That’s the theme this month. This collection of trends focuses on adding emphasis to the design with specific detailing from italics to split screens to stark, minimalist backgrounds paired with a trick or two.
Here’s what’s trending in design this month:
1. Split Screens
Split screen design was something that started gaining traction in mid-2016 and now it is a big deal. Browse through collections of website design and split screen outlines are everywhere.
What’s nice is how quickly the style has evolved. Early split screen designs featured mostly symmetrical designs with a yin and yang style aesthetic. The new split screens have a more “anything goes” feel to them.
The three examples below show three very different ways to use the same trend.
- Rency uses a split design to contain a loop video and the main navigation. The contrast between the white area and red is stark and forces the eye across the screen. It also ensures the user will find the navigation because it is the only element within the colored portion of the design.
- GECN is a complex governmental site that uses a split screen to convey two different ideas with two links immediately in the design. While the split isn’t full-screen and contains a lot of text, this is a good alternative for a design with lots of calls to action, user bases or complicated content.
- Bashful uses a concept similar to Rency but with a twist: The design features a full-screen video loop and half of it is covered with a tinted color box. All the clickable elements are inside the tinted area and the navigation menu is hidden in the top right corner of the video.
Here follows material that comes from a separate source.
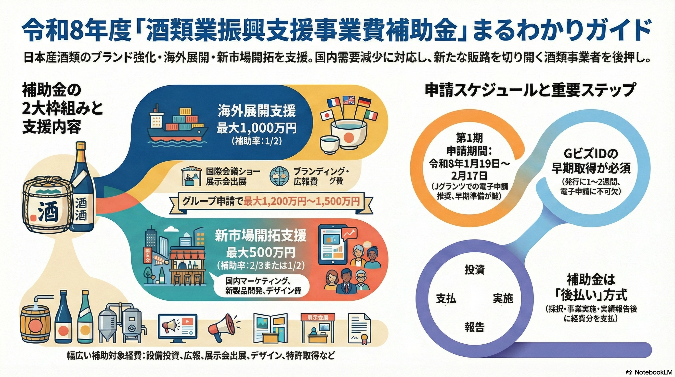 ここではまず、**「酒類業振興支援事業費補助金」第1期(令和8年度)**の要点を整理します。

What each of the examples have in common is that the split screen design adds emphasis to the content. It helps drive the users to specific elements in the design through use of color and with actual or perceived movement, thanks to contrasting “screens.”
The best part of the newer split screen designs is that there’s an asymmetrical flow to them. Designers aren’t stuck in a yin and yang format and the result is much more interesting visual patterns.